Why would you want to do this?  Facebook has become a very important part of our lives.  Information about our friends, family, business contacts and acquaintances is stored in Facebook with no easy way to get it out.  ArchiveFacebook allows you to do just that.  What guarantee do you have that Facebook won't accidentally, or in some cases intentionally delete your account?  Don't trust your data to one web site alone.  Take matters into your own hands and preserve this information.  Show it to your kids one day!
Currently ArchiveFacebook can save:
  • Photos
  • Messages
  • Activity Stream
  • Friends List
  • Notes
  • Events
  • Groups
  • Info
Installation:
You can download the extension from https://addons.mozilla.org/en-US/firefox/addon/13993/.  Once at this page, press “Add to Firefox” and follow the prompts for installation.  Firefox will prompt you to restart Firefox.  Once you do so, you should see a new menu called “ArchiveFB”.  At this point, ArchiveFacebook has successfully installed.
It should be noted that, at the time of this writing, ScrapBook should not be enabled while ArchiveFacebook is enabled.  This will cause instability issues within both programs.  You can easily disable an extension from within the Firefox “Add-ons” dialog.  This dialog can be found in the “Tools” menu of Firefox.

Usage:
Logging In:
First of all, make sure you are logged into your Facebook account.  ArchiveFacebook uses Firefox to view the pages of your account and then save them.  So, you need to be logged into your account in order to have the proper authentication and authorization to archive your account.
Sidebar:
Once logged in, it is a good idea to open the sidebar.  To do this, click the ArchiveFB --> Show in Sidebar.  The sidebar should appear on the left hand side of the screen.  The sidebar does not need to be open in order to archive, but it provides a richer interface for doing so.
Archiving:
To archive your account, press ArchiveFB --> Archive.  This will redirect you to your Facebook profile page.  You will then see a dialog box telling you that you activity stream will be expanded.  If you press “Cancel” the archiving process will be completely cancelled.  If you press “Ok”, your activity stream will be expanded, displaying all activity done on Facebook since your accounts creation.  As your activity is being retrieved, you are presented with another dialog box that lets you know the date of the current activities that are being retrieved.  You may cancel this process at any time and your account will still be archived.  Your activity stream will be archived up until the date where you cancelled the retrieval.


Once the retrieval of your activity stream has completed, the archiving process will begin.  You will see a window that says “Capture” on it.  This window drives the archive process.  Each page to be archived will be listed in the scrollbar pane.

 

Browsing the Archive:
Once the archiving process has completed, you will see an entry in the sidebar that says “Facebook | username date” where username is your Facebook username and date is the current date.  Click on the entry.  You will see your Facebook profile page appear and at the bottom will be an annotation bar where you can highlight text or make comments on a page for your personal records.  Click through your archived Facebook pages to ensure that all pages have been archived.  All pages listed in the introduction should be archived.  You can tell if a page has been archived by placing your cursor over a link.  Look in the bottom left hand corner and Firefox will show the location of the link i.e. if the location starts with “file://”, it is on your hard drive, if it starts with “http://”, it is on the web.  If it is not on your local hard drive, try to archive your account again.  If the second attempt doesn’t work, please notify us and we will attempt to fix the problem.

Notes:
ArchiveFacebook was developed at Old Dominion University (ODU) by Carlton Northern.

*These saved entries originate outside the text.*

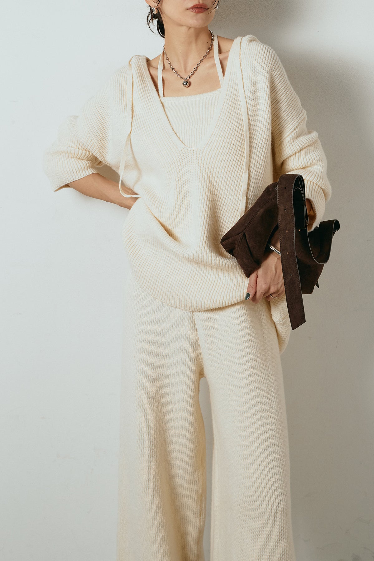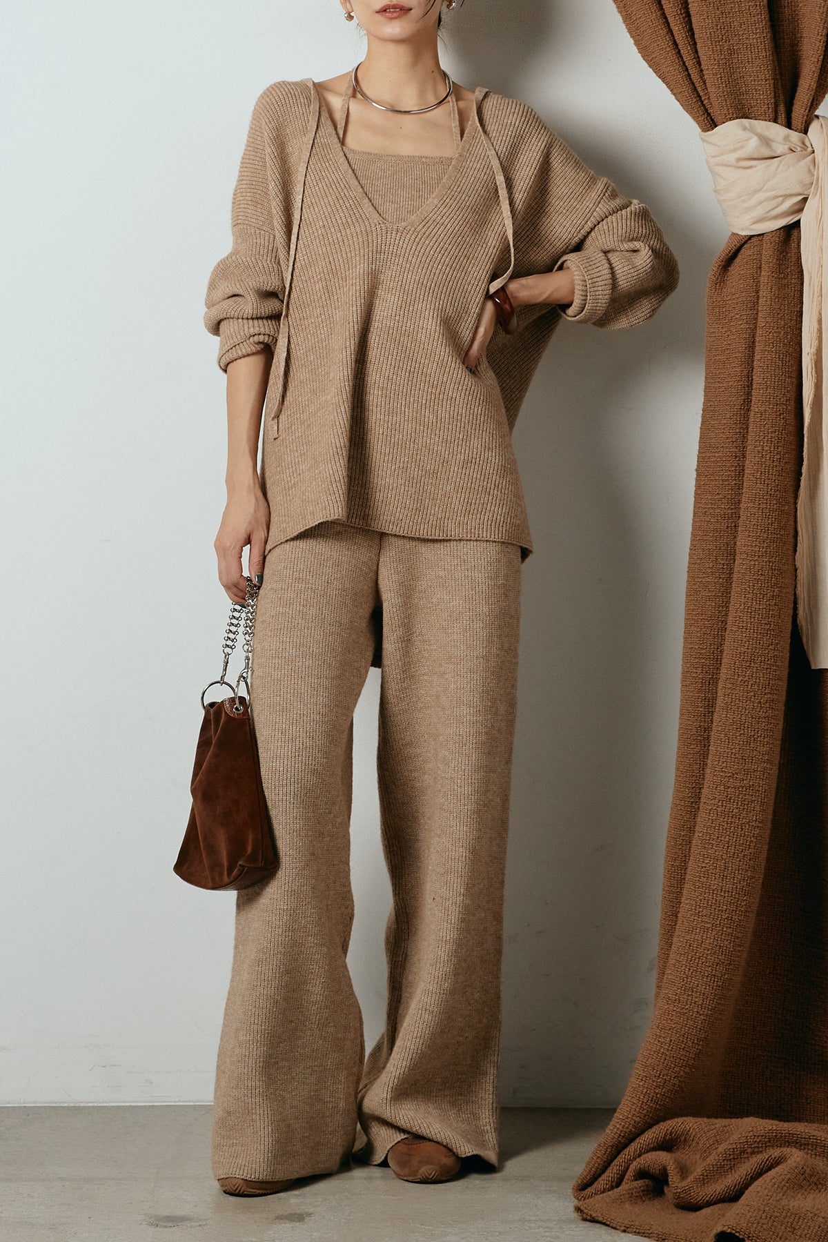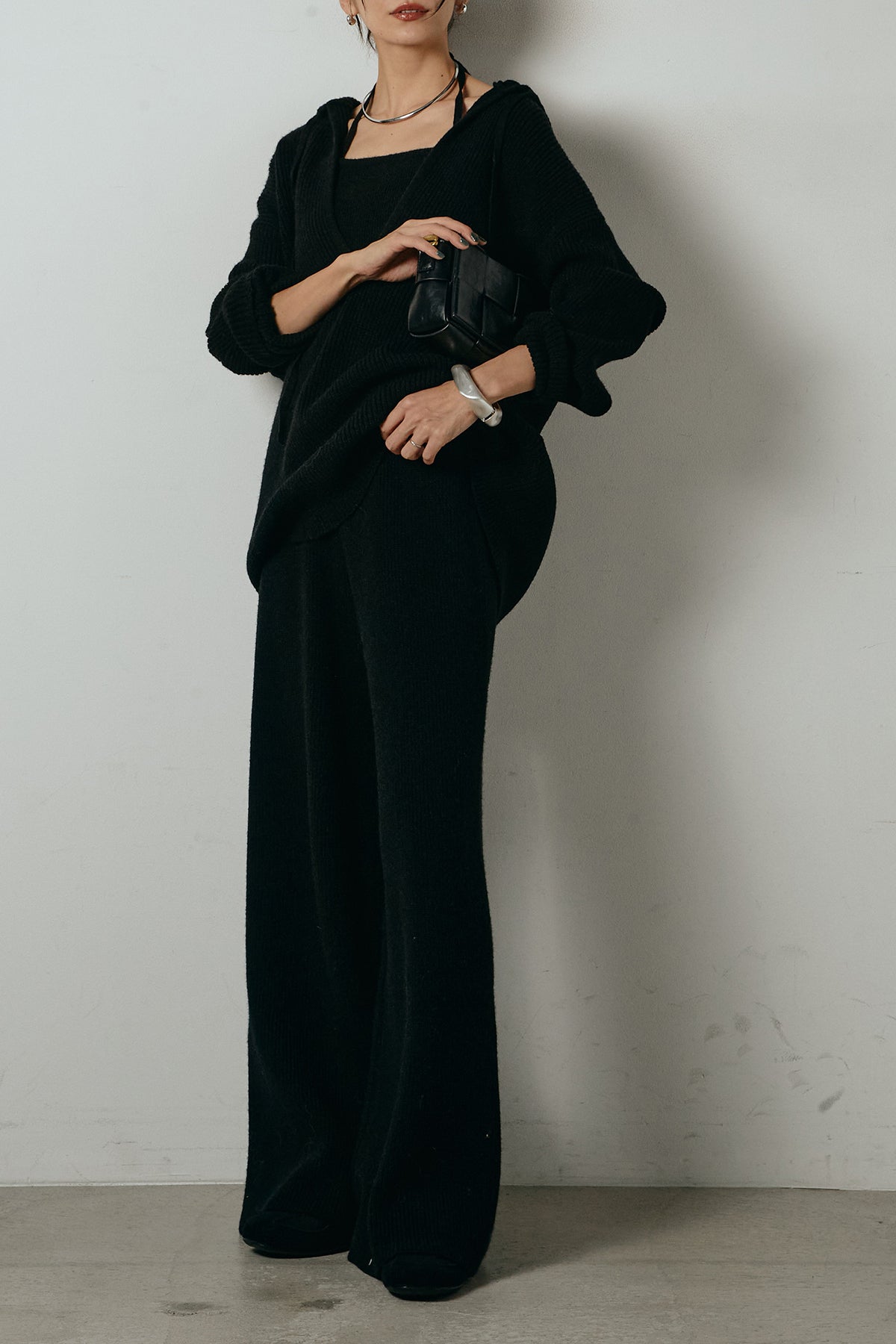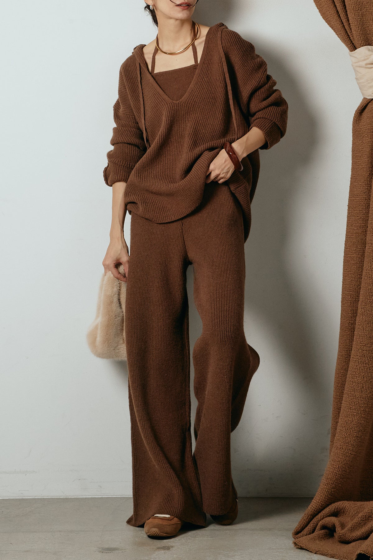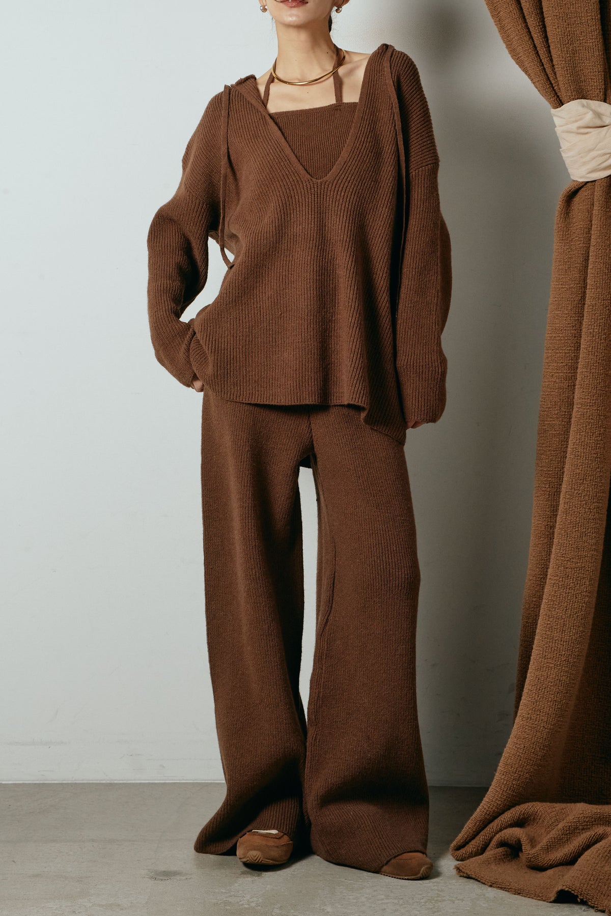 ホルターネックデザインがさりげないアクセントになる、ニットトップスとパンツのセットアップ。表情のある編地が柔らかな立体感を生み、リラックス感の中にも女性らしさを感じさせます。トップスは動きのあるシルエットで抜け感を演出し、ワイドパンツと合わせることで縦ラインを強調。セットではもちろん、単品使いもしやすく、幅広いスタイリングに活躍するアイテムです。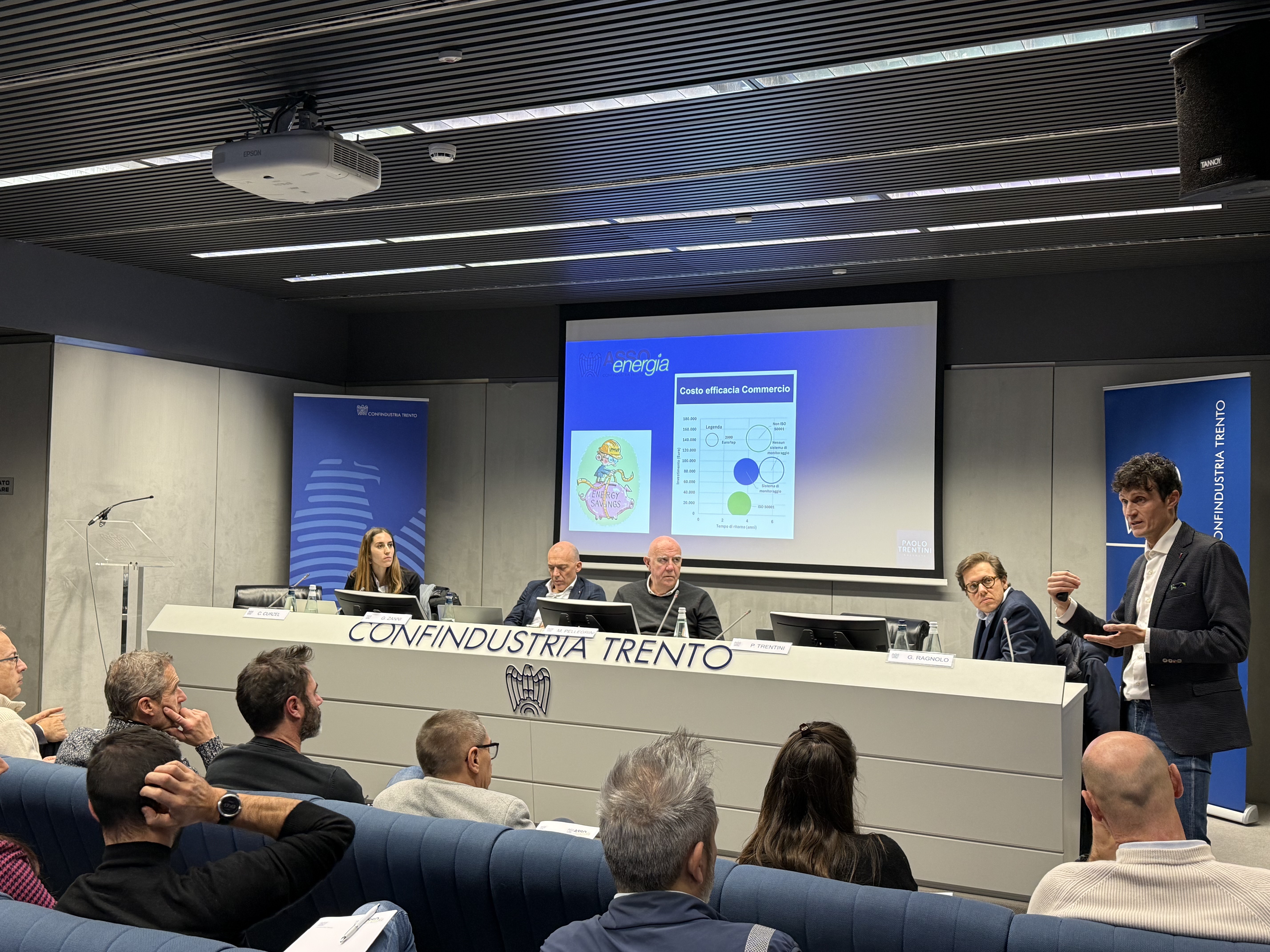 A seguire, Chiara Curzel, referente tecnico del Consorzio, ha illustrato l’andamento dei mercati energetici e le previsioni per il 2026 che vedono un mercato ribassista per il gas naturale e un mercato stabile attorno ai valori attuali per l’energia elettrica. Successivamente Gianmaria Zanni, energy manager di AFV Acciaierie Beltrame e consulente decennale del Consorzio ha approfondito il ruolo dei sistemi di accumulo (BESS), sottolineandone il valore in termini di flessibilità e ottimizzazione dei costi. Paolo Trentini, ingegnere libero professionista e collaboratore del Consorzio, ha poi richiamato l’attenzione sugli obblighi relativi alla diagnosi energetica e al monitoraggio, ricordando al contempo le opportunità di risparmio ottenibili adempiendo a tali obblighi. In chiusura, Gianmarco Ragnolo di Dolomiti Energia ha presentato i principali strumenti incentivanti accessibili alle imprese. Tra questi è stata ricordata la legge provinciale n. 6/23, il decreto CACER, i Certificati Bianchi e il Conto Termico 3.0 che entrerà in vigore nel 2026.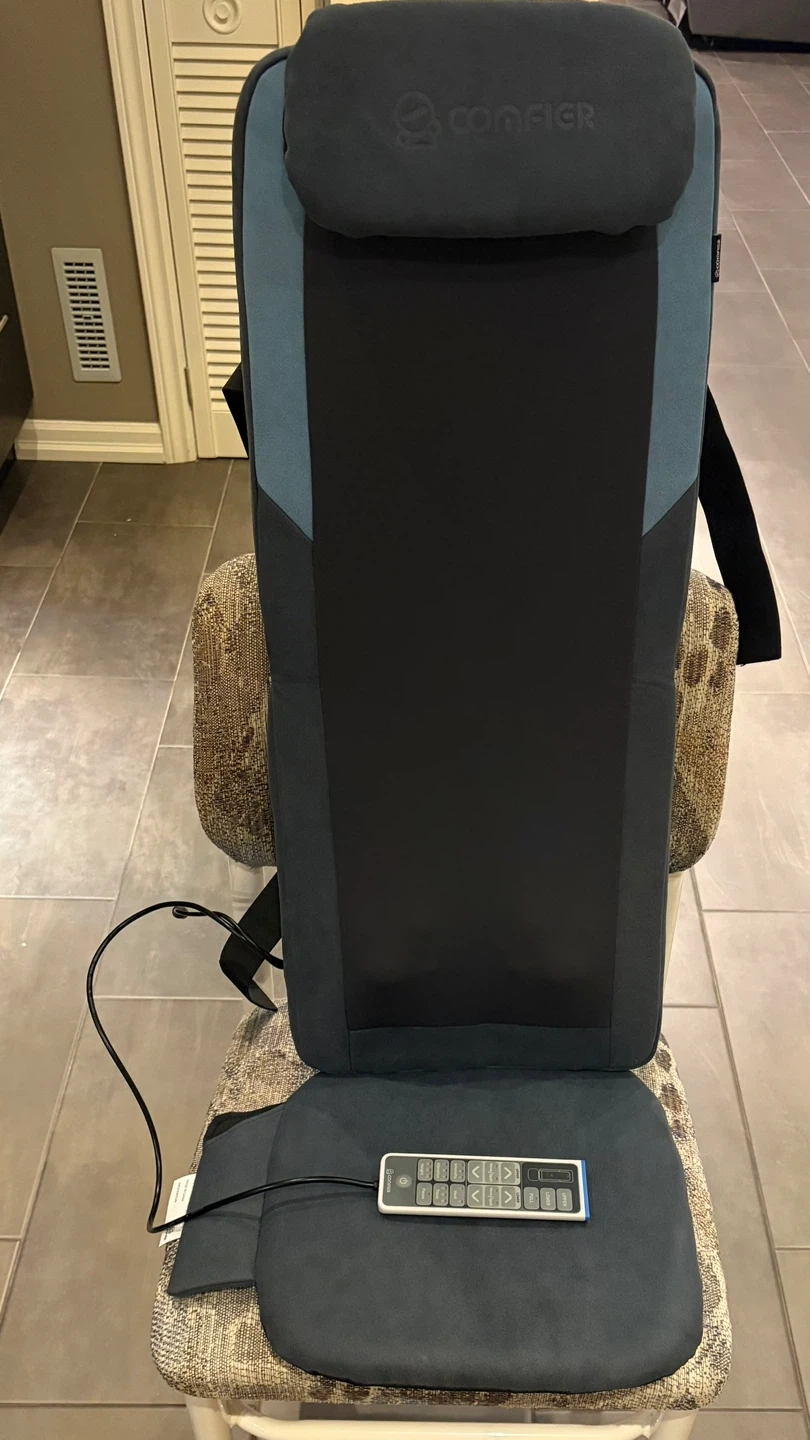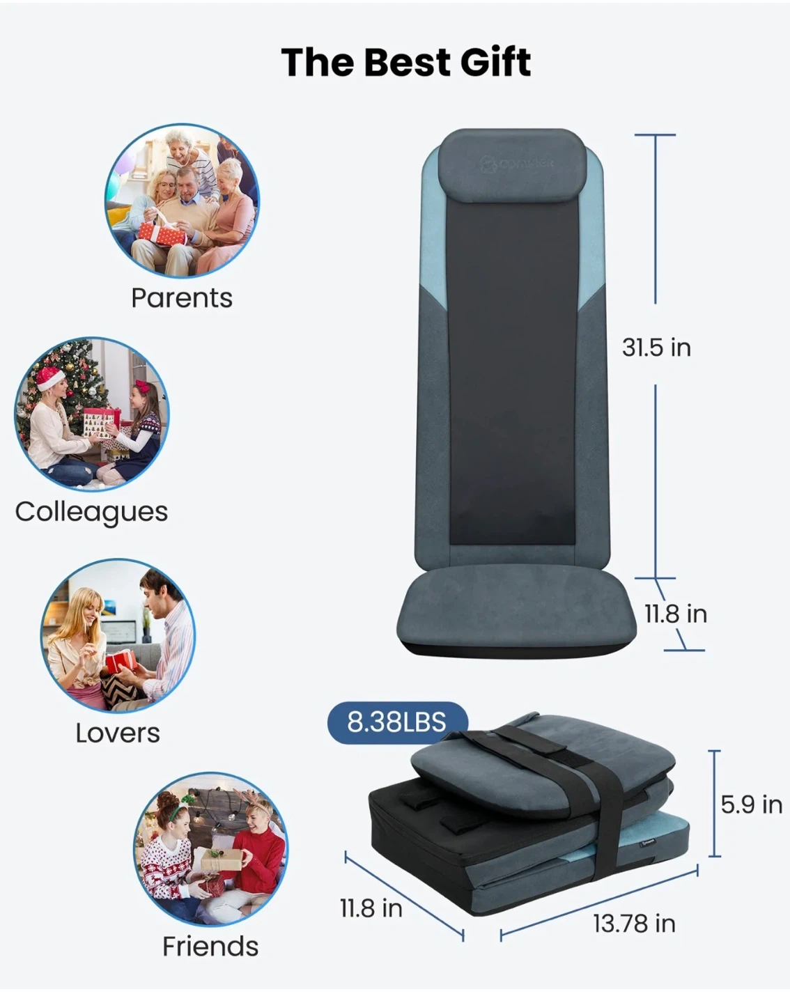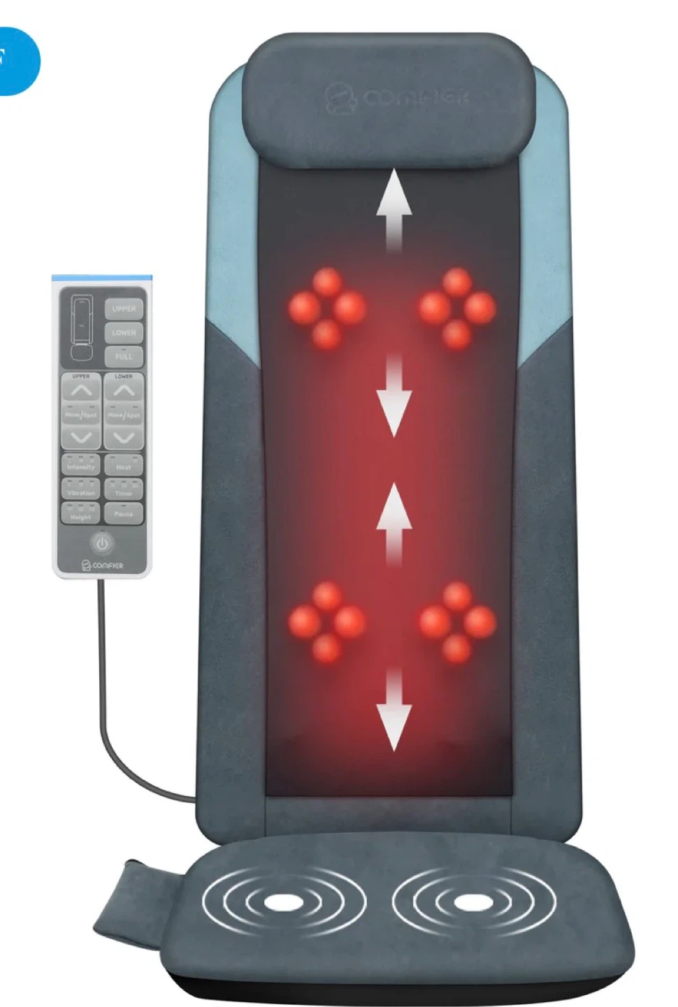 This Comfier massage seat cushion offers a full back massage with heat. It includes a remote for customized settings. The cushion is 31.5 inches long and weighs 8.38 lbs. It's great for relieving muscle tension after a long day.

Michael L. Nelson (ODU) and Frank McCown (Harding University) served as advisers. You can read more about the add-on in the research paper entitled What Happens When Facebook is Gone? presented at JCDL 2009.
ArchiveFacebook was developed by modifying code from ScrapBook. Note that ArchiveFacebook will not work correctly when ScrapBook is installed.  You will need to temporarily disable or uninstall ScrapBook before using ArchiveFacebook.
When running ArchiveFacebook, it may take several minutes to several hours to complete, depending on the amount of content to be archived.  At the beginning of the process, Firefox will be temporarily frozen while it retrieves your activity stream.  You may cancel this retrieval at any time and the archiving of the rest of your account will still occur.

User Manuals:

Presentation:


--Carlton

Friday, August 21, 2009

2009-08-21: CS 751/851 "Introduction to Digital Libraries" Postponed Until Spring 2010

CS 751/851 "Introduction to Digital Libraries" has been postponed from Fall 2009 to Spring 2010. I apologize to those who had planned to take the class this Fall.

--Michael

Thursday, July 30, 2009

2009-07-30: Position Paper Published in Educause Review

The July/August 2009 issue of Educause Review has a position paper of mine entitled "Data Driven Science: A New Paradigm?" This invited paper is essentially a cleaned-up version of my position paper at the 2007 NSF/JISC Workshop on Data-Driven Science and Scholarship held in Arizona, April 17-19 2007. Prior to the workshop, we were all assigned topics on which we were to write a short position paper. My topic was to address the question of is "data-driven science is becoming a new scientific paradigm – ranking with theory, experimentation, and computational science?"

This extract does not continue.